*Source information*.
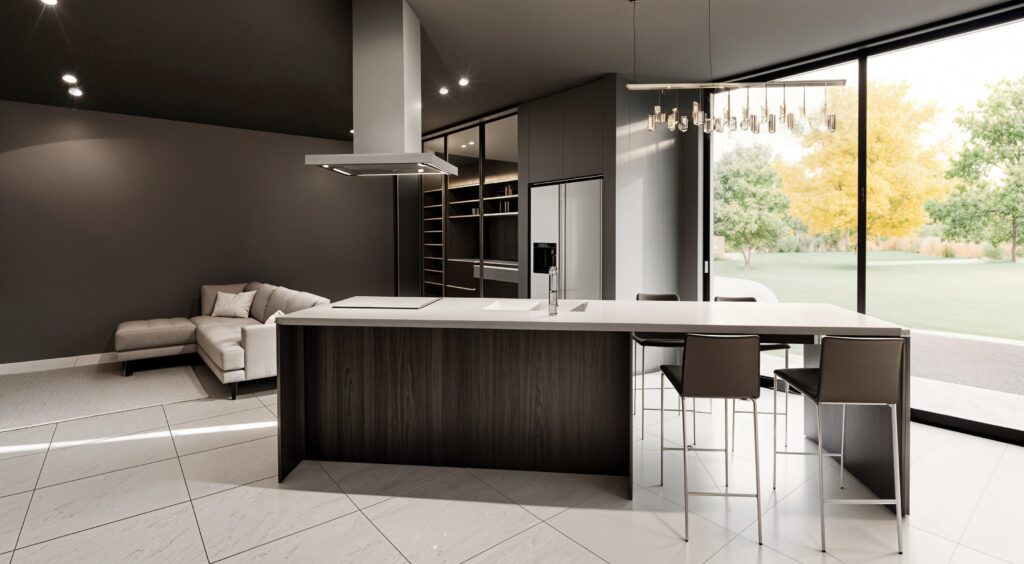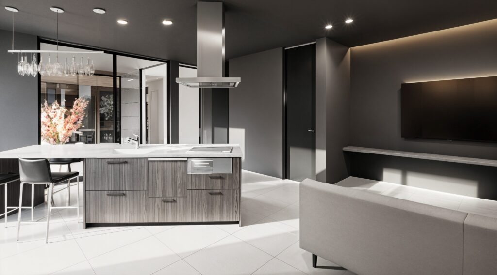 床はフロアタイル、冷蔵庫や収納は凸凹のない埋め込み式でスタイリッシュに仕上げた約23帖のLDK。食事カウンターのあるアイランドキッチンを大胆に斜めに配置し、空間にアクセントを添えています。
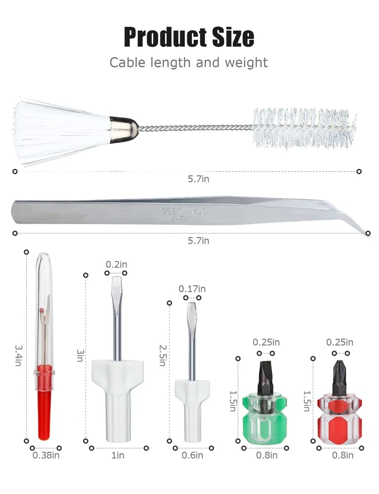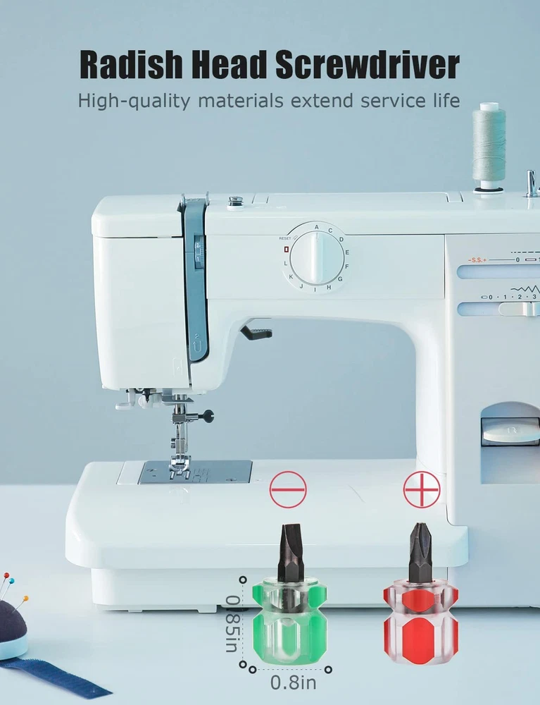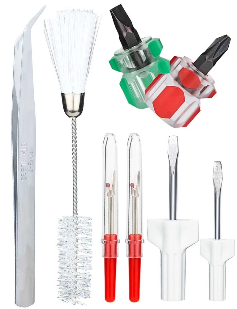 Package Contains: 1 pack tweezer, 1 pack double headed lint brush, 2 pack red seam ripper with plastic handles, 2 pack ultra short screwdrivers (one flat head and one phillips) and 2 pack different size screwdrivers (one small and one large). Ideal for replacing lost or dull original tools in your sewing box, easy to repair and cleaning sewing machines. Package Contains: 1 pack tweezer, 1 pack double headed lint brush, 2 pack red seam ripper with plastic handles, 2 pack ultra short screwdrivers (one flat head and one phillips) and 2 pack different size screwdrivers (one small and one large). Ideal for replacing lost or dull original tools in your sewing box, easy to repair and cleaning sewing machines. Sewing Ripper with Cover: The handle and housing are plastic, and the ripper is metal, which is hard and durable and not easy to break. The prongs are very sharp for easy stitch removal. Each has its own plastic cover, which you can cover when not in use to prevent yourself from hurting yourself, and can be added to the rear to extend the handle when in use. The red looks stand out, making it easy to find it in your sewing box. Four Different Sizes of Screwdrivers: 2 brightly colored ultra-short screwdrivers, green flat head screwdriver and red Phillips head screwdriver for easy distinction. The 6 easy-to-grip grooves on the short handle end allow your fingers to rotate in tight spaces. Made of plastic handle and bearing steel. Two other screwdrivers of different sizes are made of plastic handle and carbon steel, it is useful for bobbin case tension adjustment. Durable and can be used for a long time. Curved Tweezer: TWE-7 stainless steel tweezers are durable and have a smooth handle for easy grip. The small, curved tip makes it easier to reach tight areas and remove stubborn wires that are stuck or blocking the machine. Tweezers can also be used to move the fabric around the sewing needle and hold the fabric in place for threading to prevent putting your fingers in dangerous places. The tip is slightly rounded instead of pointed, so don't worry about hurting yourself. Double Ended Sewing Machine Brush: Double ended different hardness bristles are much easier to clean the hard reach place. It is ideal for cleaning of cotton velvets on the shuttle to keep your sewing machine clean. Made of nylon and stainless steel, it is durable and the bristles are not easy to fall off.
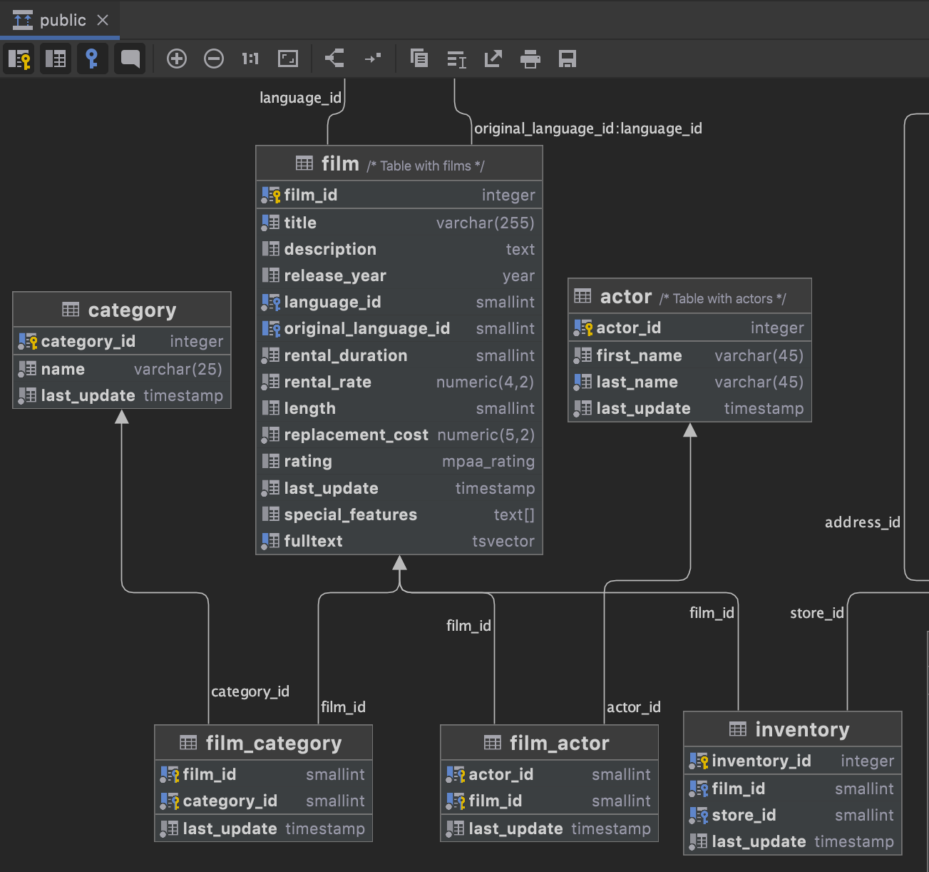 This is much faster than JDBC-based introspection. Also, role, deftype, and check constraint weren’t introspected at all in the previous version. The full list of objects that are now introspected includes database, role, privilege, schema, sequence, deftype, table, view, mat view, index, column, and constraints. It’s a known issue that partitions are not introspected yet.
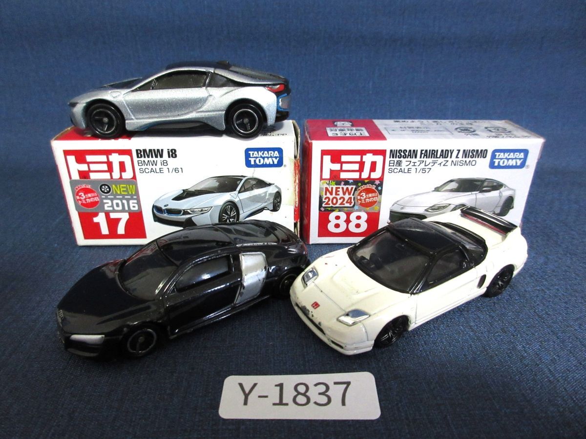 C1837Y トミカTOMICA 4点 内1点未開封 1/57 日産 フェアレディZ NISMO 1/61 BMW i8 1/59 ホンダ NSX-R 1/62 Audi R8 ミニカー 0718
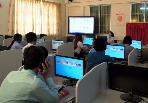 此次HSKK口语考试是柬埔寨首次开展的汉语口语水平考试。为了能够让学生更好的熟悉并适应考试流程,孔子学院考试中心免费为学生进行不同等级HSKK考前培训。经过孔子学院老师多次辛苦地讲解,学生能够熟练地操作HSKK考试流程。孔子学院高度重视首次HSKK考试,考试当天孔院进行了严格周密的考场安排和考务分工,并于考前召开考前例会,明确考试流程及要求,明晰每位考官的职责和义务,以确保考试的顺利进行。考试过程中,为了保证考试顺利进行,孔子学院监考老师在考试每一个环节,针对考试中药注意问题及对学生多发的问题及时总结并随时提醒学生。除此之外,监考老师在每一个考试环节都进行详细的指导和介绍说明,及时的检查学生信息的填写,以减少学生的信息错误。为保证考试公正公平的进行,中方院长帅式毅定时巡视考试现场,及时了解考试信息,使整个考试过程有序顺利的开展。
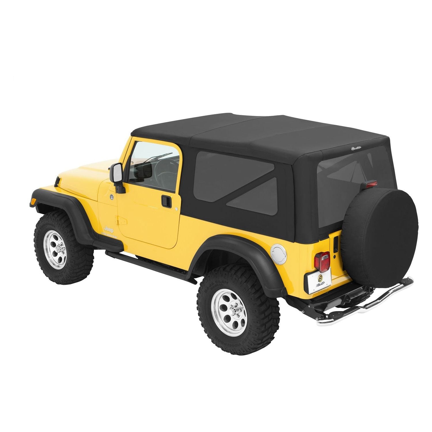 VEHICLE FITMENT: TJ WRANGLER (1996-2006) I Bestop Replace-A-Top Black Diamond Tinted Windows No Door Skins Included I Sailcloth Replace-A-Top takes the tried-and-true formula of our original Replace-A-Top and adds heavier sailcloth fabric. This premium multi-ply fabric helps reduce road sounds, absorb wind noise, and keep interior climate more consistent than dual-ply fabric. Require factory original hardware .
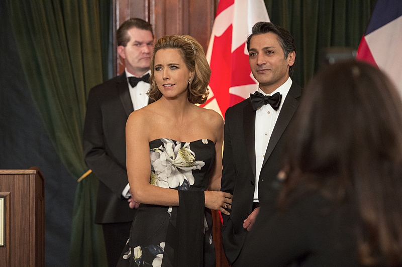 "Connection Lost"-- When President Dalton gets word that the world's most wanted terrorist, Jibral Disah, is hiding in Islamabad, he sends the "Murphy Station" -- Henry, Jane and Jose -- on a dangerous mission. Also, Elizabeth and Henry go to couples therapy to keep their relationship on track, on MADAM SECRETARY, Sunday, April 24 (8:00--9:00 PM, ET/PT) on the CBS Television Network. Pictured L-R: Téa Leoni as Elizabeth McCord and Hari Dhillon as Pakistan Foreign Minister Konstantin Abedi Photo: David Giesbrecht/CBS é2016 CBS Broadcasting, Inc. All Rights Reserved
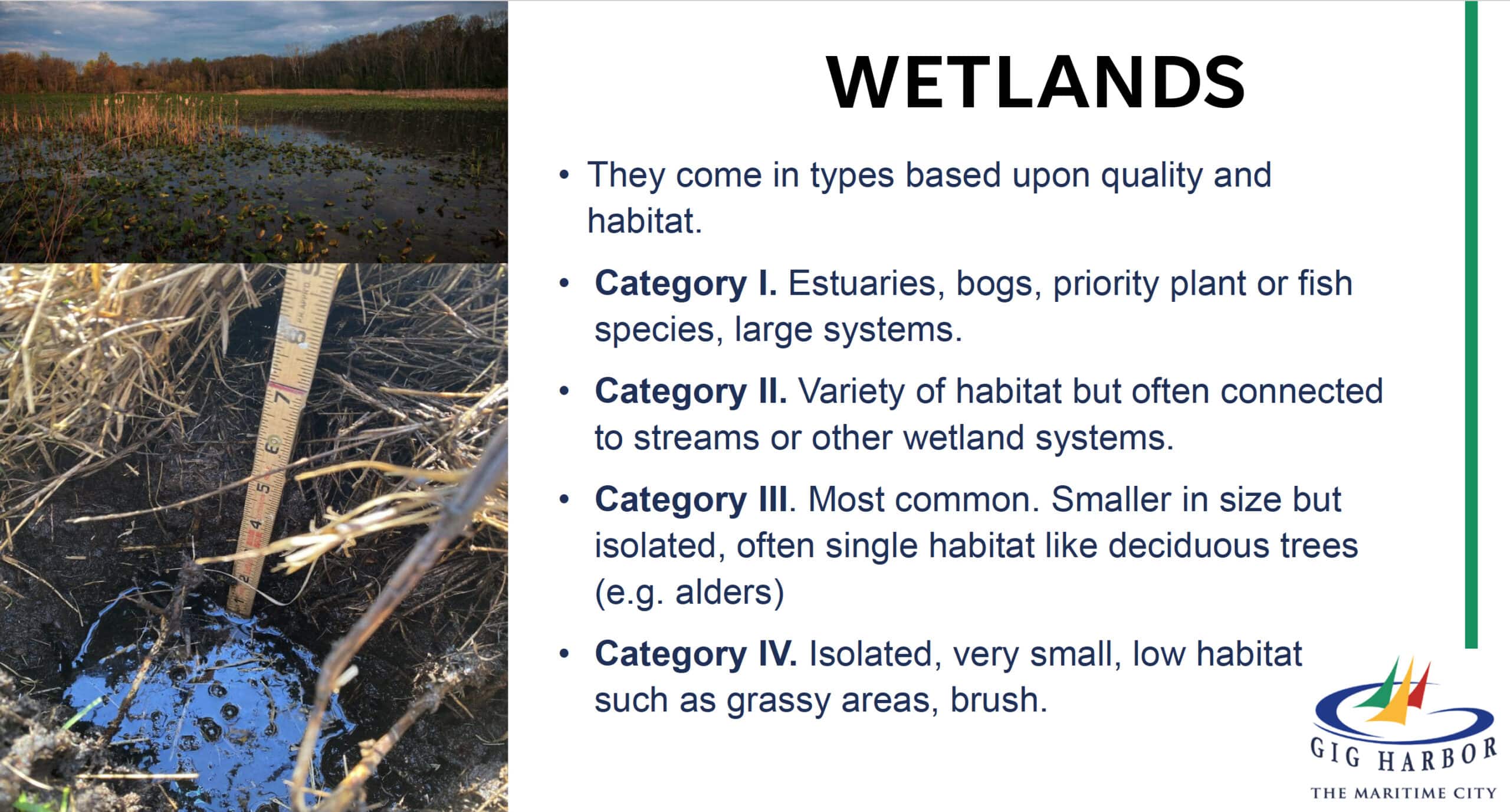 The city of Gig Harbor is considering code updates that would increase protections for environmentally sensitive areas, such as wetlands.
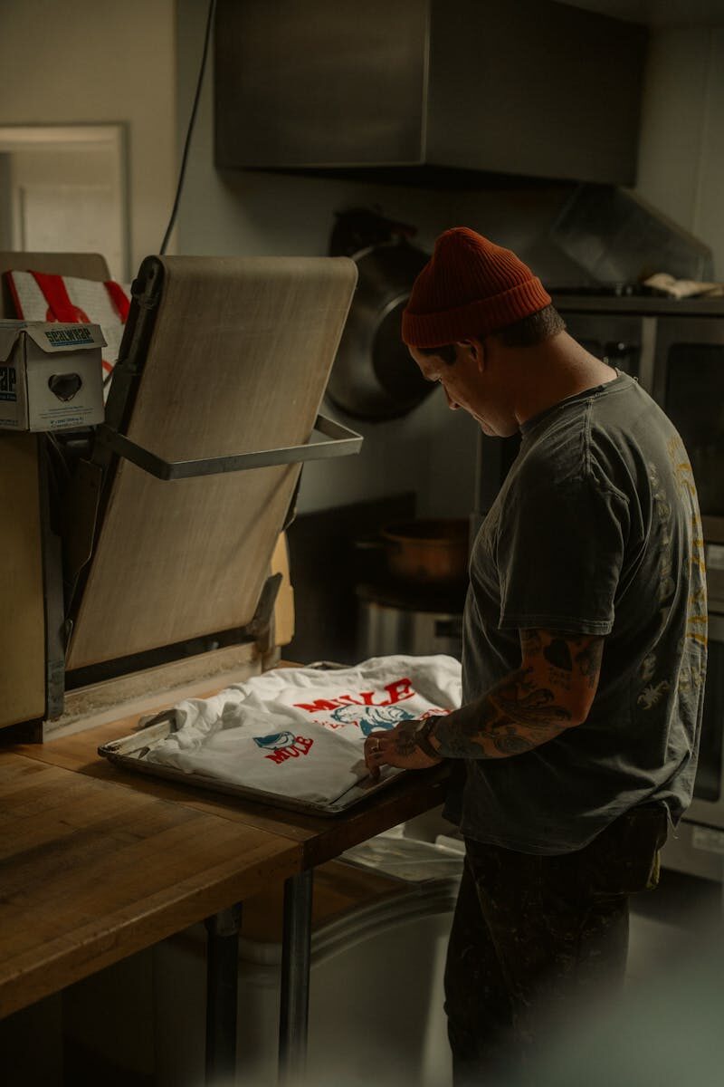 Ready to press transfers are revolutionizing the custom apparel industry, making personalization quicker and more accessible. With a vast array of designs and the convenience of heat application, businesses and DIY enthusiasts alike can create stunning, customized pieces in a fraction of the time traditional methods would take.Man working on custom T-shirt printing in a dimly lit workshop.
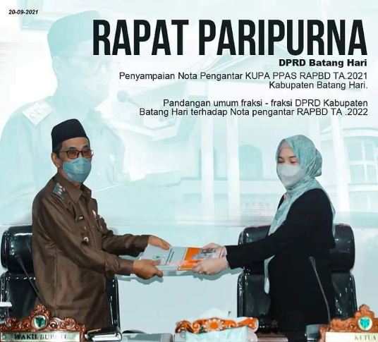 Yakni dalam rangka penyampaian Nota Pengantar KUPA PPAS RAPBD Tahun Anggaran 2021 Kabupaten Batanghari.
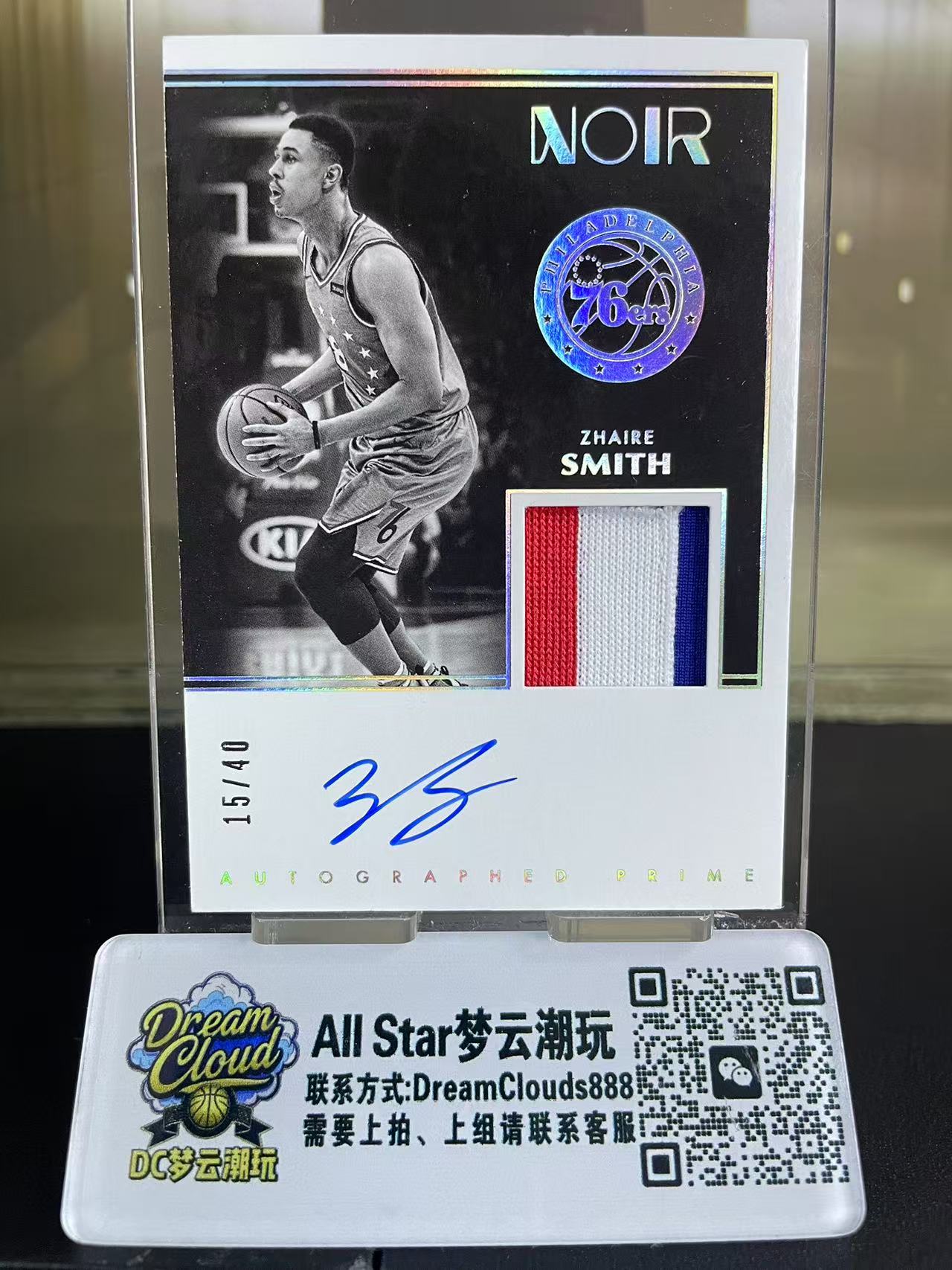 2019-20 Panini Noir Zhaire Smith 【DC梦云潮玩】诺尔系列 费城76人 扎伊尔 史密斯 15/40编 签字卡签 GU落场亲穿 三色球衣 切割物料 卡品如图 莎

*What you will do*.
Pictures excluded, give again exactly and only the lines of the material above from the line with "VEHICLE FITMENT: TJ" through the line with "The city of".

*Result*.
 VEHICLE FITMENT: TJ WRANGLER (1996-2006) I Bestop Replace-A-Top Black Diamond Tinted Windows No Door Skins Included I Sailcloth Replace-A-Top takes the tried-and-true formula of our original Replace-A-Top and adds heavier sailcloth fabric. This premium multi-ply fabric helps reduce road sounds, absorb wind noise, and keep interior climate more consistent than dual-ply fabric. Require factory original hardware .
 "Connection Lost"-- When President Dalton gets word that the world's most wanted terrorist, Jibral Disah, is hiding in Islamabad, he sends the "Murphy Station" -- Henry, Jane and Jose -- on a dangerous mission. Also, Elizabeth and Henry go to couples therapy to keep their relationship on track, on MADAM SECRETARY, Sunday, April 24 (8:00--9:00 PM, ET/PT) on the CBS Television Network. Pictured L-R: Téa Leoni as Elizabeth McCord and Hari Dhillon as Pakistan Foreign Minister Konstantin Abedi Photo: David Giesbrecht/CBS é2016 CBS Broadcasting, Inc. All Rights Reserved
 The city of Gig Harbor is considering code updates that would increase protections for environmentally sensitive areas, such as wetlands.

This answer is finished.